T.R | Title | User | Personal Name | Date | Lines |
---|
596.1 | | BEING::POSTPISCHIL | Always mount a scratch monkey. | Thu Oct 16 1986 18:23 | 11 |
| In spite of the formula, the geometric means seem to have been
calculated correctly.
I do not believe the error in the comparisons lies with the arithmetic
mean, but with the "normalization". The "normalization" the author
uses is basically a way of assigning values to the various results, and
it assigns the highest values to the benchmarks the chosen system did
best in.
-- edp
|
596.2 | Known problem | SQM::HALLYB | Free the quarks! | Fri Oct 17 1986 13:26 | 38 |
| If you look at the original data and compute the product of all
3 "times" you get 24000 for all 4 systems.
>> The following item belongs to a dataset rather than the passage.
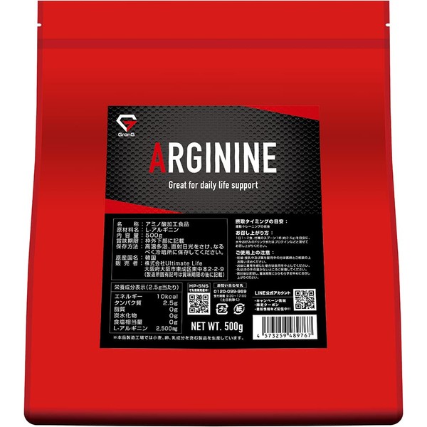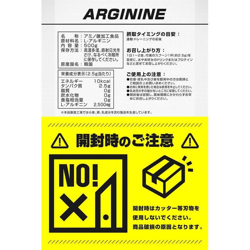 - 【原材料名】L-アルギニン【原産国名】韓国【内容量】500g 【摂取タイミングの目安】運動・トレーニングの前後 【栄養成分表(2.5g換算)】エネルギー/10kcal、タンパク質/2.5g、脂質/0g、炭水化物/0g、食塩相当量/0g L-アルギニン/2,500mg
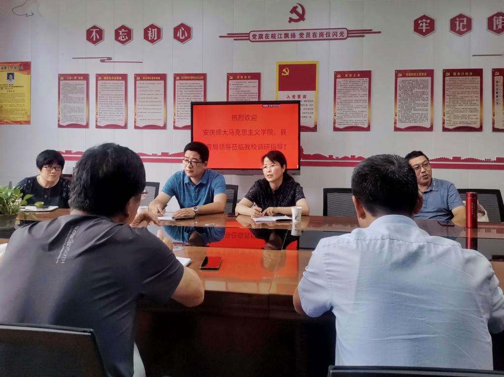 近日,公司经理严仍昱、副经理张俊生、概论教研室主任黄海东、青年教师张雅一行四人赴怀宁县皖江高中开展访企拓岗活动。怀宁县教育局党委委员、副局长王根旺,皖江高中校领导热情接待了严仍昱一行。

Not at all surprising
that the (correcty-calculated) geometric mean is the same in all
cases.
/* This kind of technique has been bouncing around the performance
community for quite some time now. The main problem is that there
is no easy way to compare different CPUs on the basis of some number
of benchmarks. */
The need for "normalization" comes from a problem with the arithmetic
mean. If you run benchmarks x and y on systems P and Q, and get
times that look like:
P Q
x 100. 10.0
y 0.1 1.0
you can see that benchmark x really dominates the whole set, and
the contribution of y is irrelevant. So in order to give equal
weight to x and y, you normalize with respect to one of the CPUs,
and end up with:
P Q
x 1. 0.1
y 1. 10.0
Then the arithmetic mean of P is 1, while the mean of Q is > 5.
Of course if you normalize with respect to Q the situation is reversed.
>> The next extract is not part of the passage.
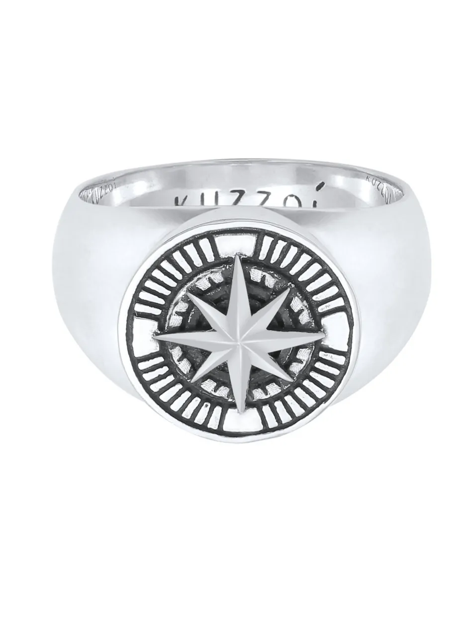 Mit diesem außergewöhnlichen Siegelring erhält dein Style einen maritimen Touch. Die runde Oberfläche des robusten Rings, wird von einem klassischen Kompass Symbol geziert. Dieses maskuline Schmuckstück ist ein lässiges Accessoire für Weltenbummler und Seefahrer. Ein markanter Fingerring für den Trend liebenden Mann. Dieses exklusive Schmuckstück wird in einer eleganter Geschenk-Box geliefert.
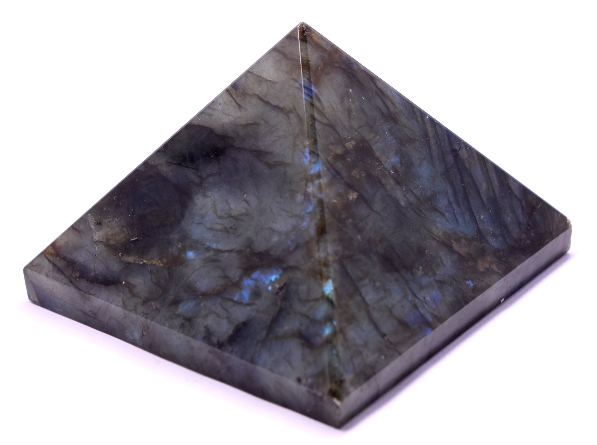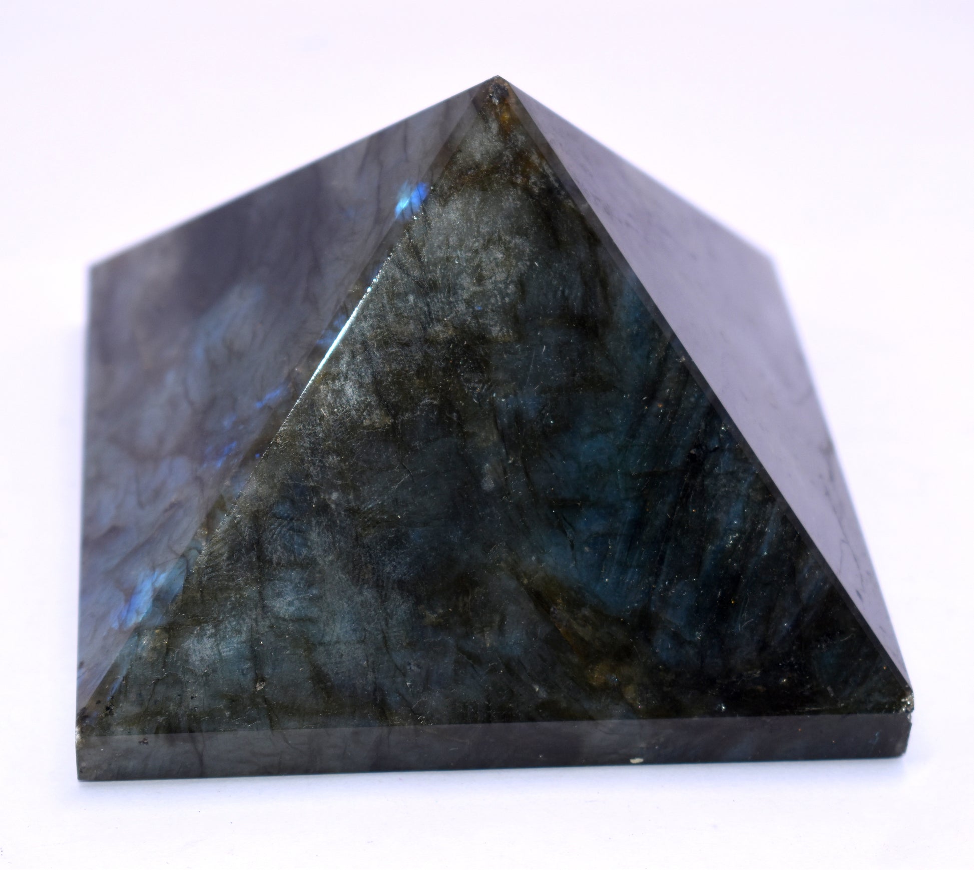 A Labradorite pyramid is typically carved into the shape of a pyramid, with its four triangular sides converging at a point. It is often used for spiritual and metaphysical purposes, believed to enhance intuition, psychic abilities, and provide protection. Many people use it for meditation, energy healing, or as a decorative piece in their homes or sacred spaces.

It is not unusual to see this kind of raw data, owing to various
compiler optimizations.
The geometric mean is independent of normalization since it is already
a "multiplicative entity". I believe the original article intended
to point out that the arithmetic mean is a poor way to compare CPU
times, and the geometric mean is more useful.
John
|
596.3 | | BEING::POSTPISCHIL | Always mount a scratch monkey. | Fri Oct 17 1986 21:03 | 15 |
| Re .2:
If normalization is necessary, you certainly don't do it by reducing
the effect of the bad or dominating benchmarks!
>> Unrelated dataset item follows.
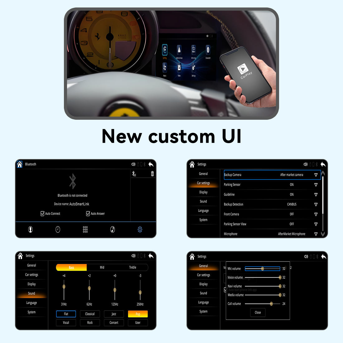4, Audio channels Support OEM bluetooth and Aux, can use original Microphone.

A better way to do it is to figure out how relevant the various
benchmarks are for your system. For example, you might figure that
sixty percent of your work will be somewhat like benchmark x and forty
percent will be like benchmark y. Use those figures to adjust the
data. If that still leaves one benchmark dominating the other,
that is good, because, when you by the systems, that portion of the
work will be dominating the other.
-- edp
|
596.4 | Up to 4.2 times more useful | SQM::HALLYB | Free the quarks! | Sat Oct 18 1986 01:51 | 29 |
| Re .3:
Yes, that is the standard suggestion that is made at this point
in the argument. Unfortunately at this point we tend to stray from
the MATH content and enter an unrelated topic. So to keep it brief,
suffice it to say that the benchmarks x, y, z, ... have little if
anything to do with actual workloads. They're just a random bunch
of programs that get passed on from one young generation to another.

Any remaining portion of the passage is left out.